#### Supplied records ####
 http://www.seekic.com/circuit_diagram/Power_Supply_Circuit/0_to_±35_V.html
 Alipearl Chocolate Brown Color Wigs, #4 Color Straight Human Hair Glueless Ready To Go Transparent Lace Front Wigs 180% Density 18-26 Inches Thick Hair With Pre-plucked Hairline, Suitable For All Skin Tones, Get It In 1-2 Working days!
####
#### Supplied records ####
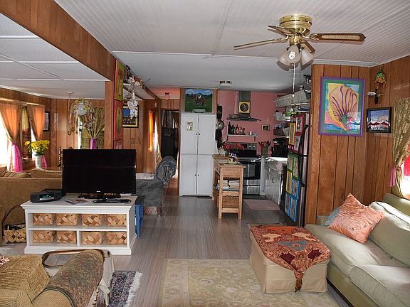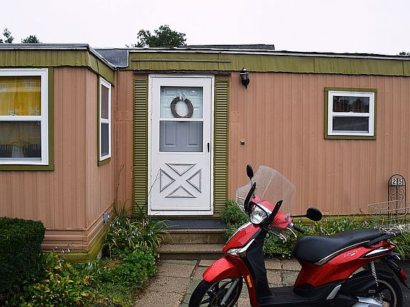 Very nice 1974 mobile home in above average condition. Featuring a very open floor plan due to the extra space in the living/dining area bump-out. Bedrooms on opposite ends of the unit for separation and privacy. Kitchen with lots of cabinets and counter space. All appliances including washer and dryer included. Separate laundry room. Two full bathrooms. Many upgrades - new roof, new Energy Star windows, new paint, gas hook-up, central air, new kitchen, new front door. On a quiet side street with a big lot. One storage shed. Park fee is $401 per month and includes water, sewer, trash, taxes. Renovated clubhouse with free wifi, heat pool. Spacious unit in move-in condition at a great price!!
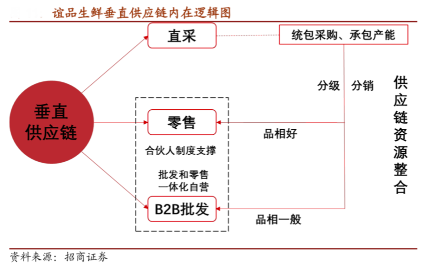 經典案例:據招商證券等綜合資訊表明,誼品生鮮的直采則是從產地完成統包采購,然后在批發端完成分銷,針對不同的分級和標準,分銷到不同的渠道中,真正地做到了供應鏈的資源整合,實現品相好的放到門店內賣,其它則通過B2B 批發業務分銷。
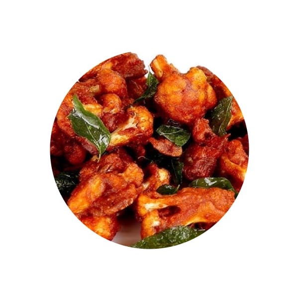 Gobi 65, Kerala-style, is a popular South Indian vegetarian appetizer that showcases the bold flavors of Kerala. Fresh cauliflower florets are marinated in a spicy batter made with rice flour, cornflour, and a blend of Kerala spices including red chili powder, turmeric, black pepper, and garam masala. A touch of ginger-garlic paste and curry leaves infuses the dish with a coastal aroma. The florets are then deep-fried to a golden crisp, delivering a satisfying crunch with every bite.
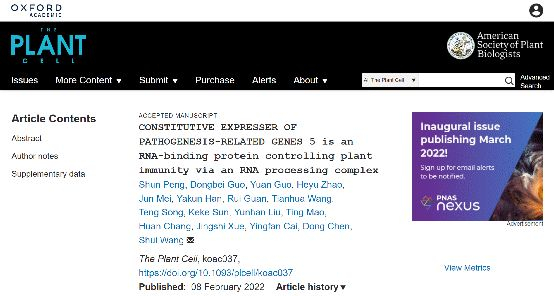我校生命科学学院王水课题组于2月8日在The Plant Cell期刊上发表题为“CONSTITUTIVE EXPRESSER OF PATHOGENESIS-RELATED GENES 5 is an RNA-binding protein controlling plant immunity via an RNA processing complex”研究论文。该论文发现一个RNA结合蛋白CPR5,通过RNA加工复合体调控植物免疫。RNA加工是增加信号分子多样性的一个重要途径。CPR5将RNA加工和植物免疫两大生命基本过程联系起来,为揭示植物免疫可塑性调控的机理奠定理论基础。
####
#### Supplied records ####
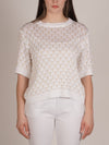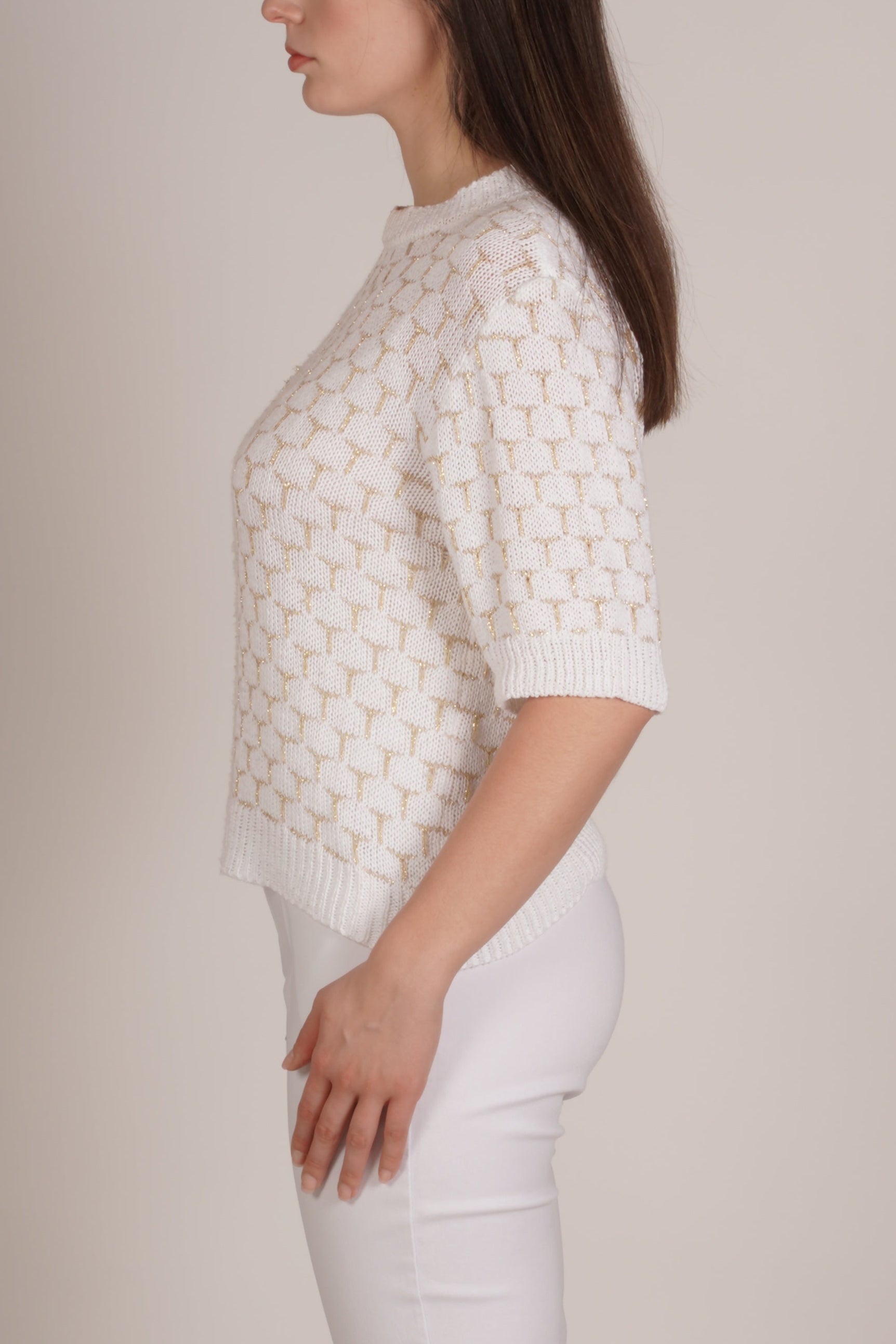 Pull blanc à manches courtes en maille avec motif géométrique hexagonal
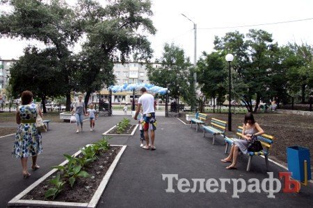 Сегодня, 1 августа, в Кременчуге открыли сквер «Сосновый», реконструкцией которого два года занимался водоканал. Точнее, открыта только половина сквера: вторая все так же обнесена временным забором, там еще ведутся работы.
####
▶ **Activity**: Find the line with "http://www.see" in the material above. Reproduce it and each line after it up to and including the line with "Alipearl Chocolate Brown".

▶ **Result for this exercise**:
 http://www.seekic.com/circuit_diagram/Power_Supply_Circuit/0_to_±35_V.html
 Alipearl Chocolate Brown Color Wigs, #4 Color Straight Human Hair Glueless Ready To Go Transparent Lace Front Wigs 180% Density 18-26 Inches Thick Hair With Pre-plucked Hairline, Suitable For All Skin Tones, Get It In 1-2 Working days!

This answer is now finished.